Re: Slow HTTP Responses

Rich Wiggins ([email protected])
Fri, 14 Jan 94 17:00:19 EST


>> I vehemently disagree. An odometer should be a sign that some real
>> work is being done. Put up an hourglass if all you want to show
>> is "yes the client is still on a running computer but we're waiting."
>> Would you have "option hash" in FTP fake the fact that transfer is
>> taking place?
>hash indicates *REAL* work being done, Mosaic already does this. Mosaic
>also changes the cursor. Neither of these address the issue, The issue
>being, what and how should the remote server be able to tell us about the
>status of the request being processed.
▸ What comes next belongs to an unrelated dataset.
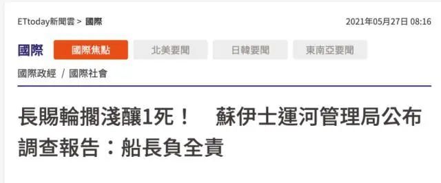 5月27日,苏伊士运河管理局调查认定:“长赐号”船长为搁浅事故负全责。
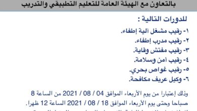 كشفت قوة الإطفاء العام عن تنظيم 6 دورات بالتعاون مع الهيئة العامة للتعليم التطبيقي والتدريب وذلك في رتبة رقيب لوظائف:…

It's not clear to me at this point
>that "Status:" is the right solution, HTTP is simply not designed as an
>interactive protocol TTBOMK.

Regardless of the merits of the Status proposal, the spinning globe
does NOT equate to hash: sometimes the globe spins when nothing is
being transferred -- I've had it spin in WinMosaic while a dialog
box sits telling me the fetch failed. Moreover, Option Hash gives
you a visual indication as to the amount of work that has been
accomplished -- it's a count of blocks transferred. Users can't
count globe revolutions as a measure of work done.

I can picture lots of situations where it'd be very nice to have
a standard status mechanism. Suppose the info you want is offline
and must be fetched with an unknown wait for posting online. Suppose
the server is hunting around a huge database (or the Internet) for
your answer. An odometer reflecting real work done (which is not
necessarily the same thing as amount of data transferred to the
user, by the way) could be extremely useful.

Whether the particular proposal for communicating back status info
is the best scheme or not, having the client fake a "warm fuzzy"
indicator does not address the need expressed.